(Records provided begins)

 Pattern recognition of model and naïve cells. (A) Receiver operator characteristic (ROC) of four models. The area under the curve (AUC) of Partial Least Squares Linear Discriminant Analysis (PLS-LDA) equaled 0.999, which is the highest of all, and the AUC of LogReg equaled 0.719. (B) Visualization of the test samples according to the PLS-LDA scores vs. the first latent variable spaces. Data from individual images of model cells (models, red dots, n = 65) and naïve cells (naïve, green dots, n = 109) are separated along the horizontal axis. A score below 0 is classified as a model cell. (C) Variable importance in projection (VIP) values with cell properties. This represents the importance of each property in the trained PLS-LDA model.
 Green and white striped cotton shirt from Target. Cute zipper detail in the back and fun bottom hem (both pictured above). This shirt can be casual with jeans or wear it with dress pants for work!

(Records provided ends)
(Records provided begins)

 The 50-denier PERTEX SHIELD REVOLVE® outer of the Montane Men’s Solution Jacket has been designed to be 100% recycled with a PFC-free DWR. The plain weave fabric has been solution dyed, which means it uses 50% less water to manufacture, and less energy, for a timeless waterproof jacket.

(Records provided ends)

◆ Your assignment
Of the entries above, repeat exactly the lines between the line with "Pattern recognition of" and the line with "Green and white", inclusive, and no others.

◆ Written response
 Pattern recognition of model and naïve cells. (A) Receiver operator characteristic (ROC) of four models. The area under the curve (AUC) of Partial Least Squares Linear Discriminant Analysis (PLS-LDA) equaled 0.999, which is the highest of all, and the AUC of LogReg equaled 0.719. (B) Visualization of the test samples according to the PLS-LDA scores vs. the first latent variable spaces. Data from individual images of model cells (models, red dots, n = 65) and naïve cells (naïve, green dots, n = 109) are separated along the horizontal axis. A score below 0 is classified as a model cell. (C) Variable importance in projection (VIP) values with cell properties. This represents the importance of each property in the trained PLS-LDA model.
 Green and white striped cotton shirt from Target. Cute zipper detail in the back and fun bottom hem (both pictured above). This shirt can be casual with jeans or wear it with dress pants for work!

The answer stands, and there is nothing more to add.